● PROMPT
Drop every picture. Then return, exactly, the lines from the beginning of the listing below through the one containing "住宅の規格化を進め、全国で建".

*** Opening SUPPLIED MATERIAL ***

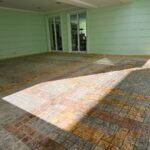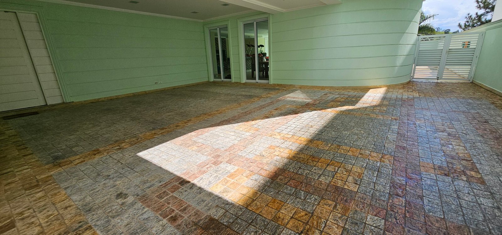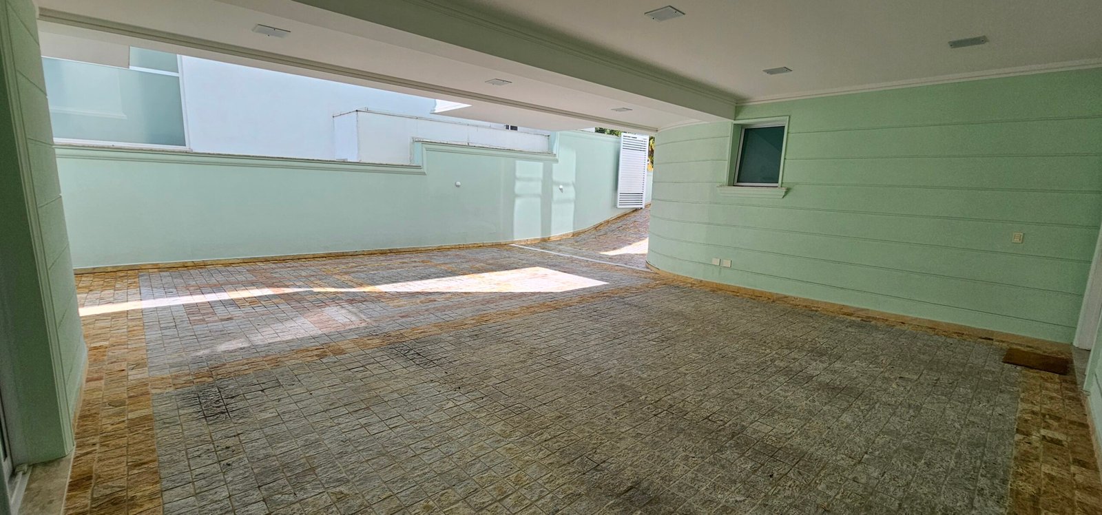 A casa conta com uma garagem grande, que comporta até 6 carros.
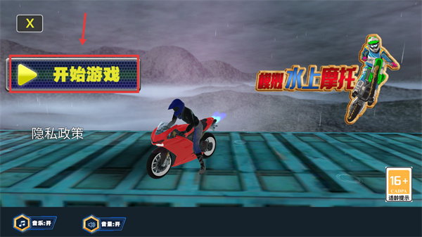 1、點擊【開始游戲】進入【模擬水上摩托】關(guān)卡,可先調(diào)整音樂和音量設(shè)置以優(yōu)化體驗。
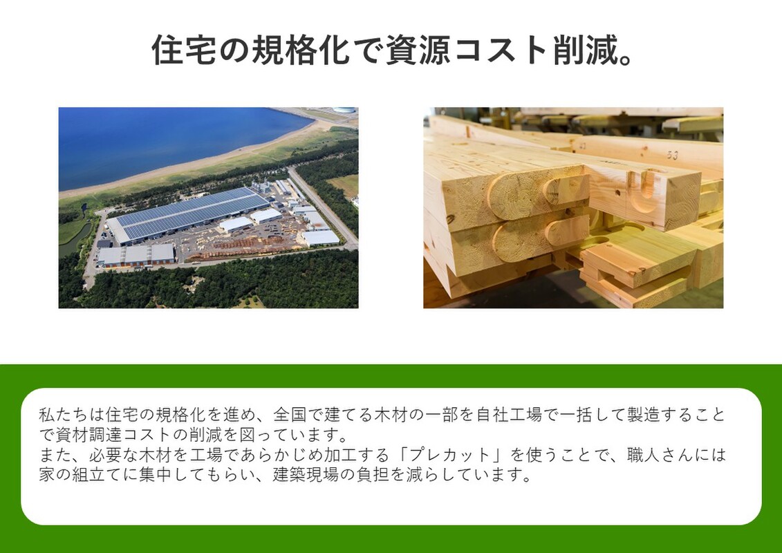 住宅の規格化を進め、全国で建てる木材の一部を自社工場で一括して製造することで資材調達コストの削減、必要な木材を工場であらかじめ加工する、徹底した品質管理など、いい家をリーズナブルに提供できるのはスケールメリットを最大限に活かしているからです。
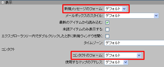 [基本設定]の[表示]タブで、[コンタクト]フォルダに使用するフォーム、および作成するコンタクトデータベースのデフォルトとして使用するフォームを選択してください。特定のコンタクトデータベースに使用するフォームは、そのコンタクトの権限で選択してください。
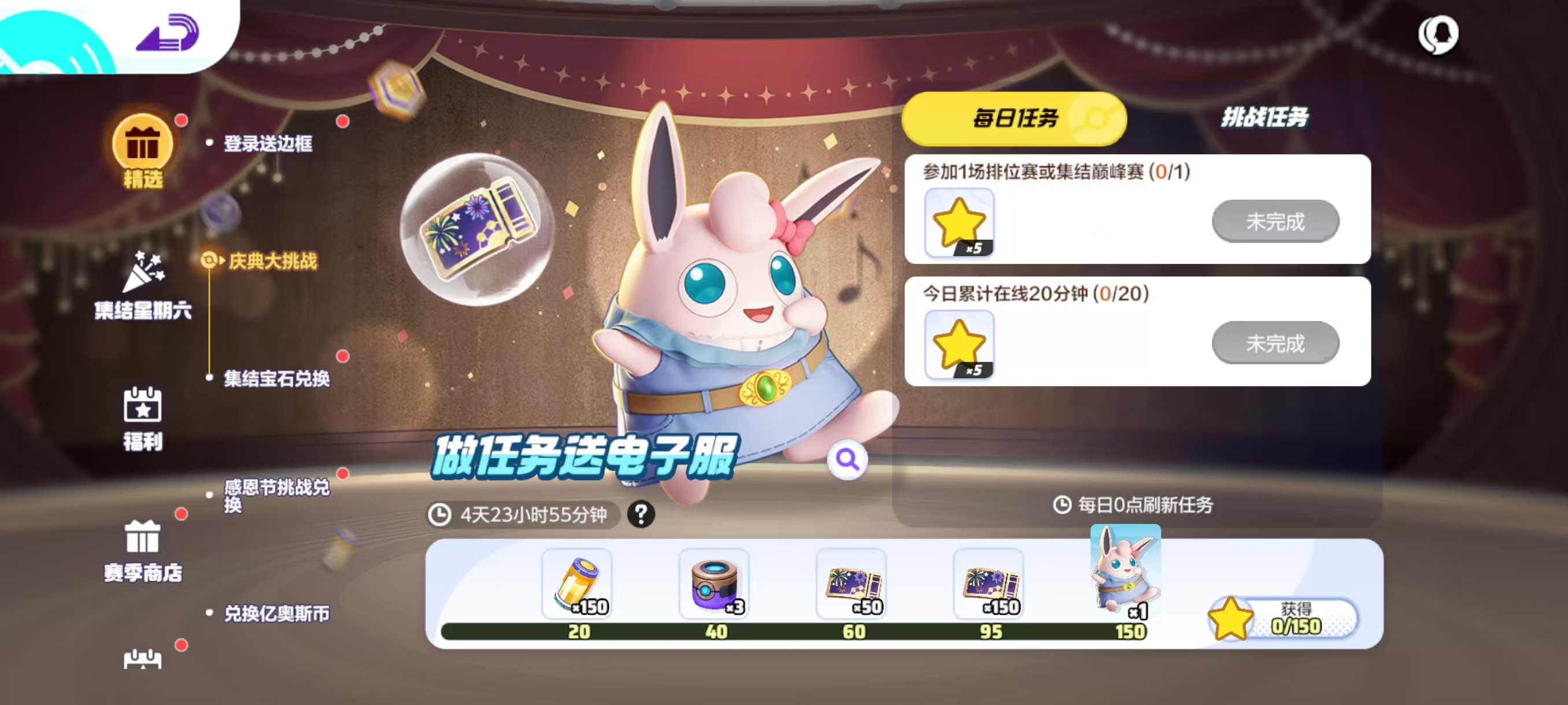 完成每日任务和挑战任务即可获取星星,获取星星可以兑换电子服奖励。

*** Closing SUPPLIED MATERIAL ***

● SOLUTION BELOW
 A casa conta com uma garagem grande, que comporta até 6 carros.
 1、點擊【開始游戲】進入【模擬水上摩托】關(guān)卡,可先調(diào)整音樂和音量設(shè)置以優(yōu)化體驗。
 住宅の規格化を進め、全国で建てる木材の一部を自社工場で一括して製造することで資材調達コストの削減、必要な木材を工場であらかじめ加工する、徹底した品質管理など、いい家をリーズナブルに提供できるのはスケールメリットを最大限に活かしているからです。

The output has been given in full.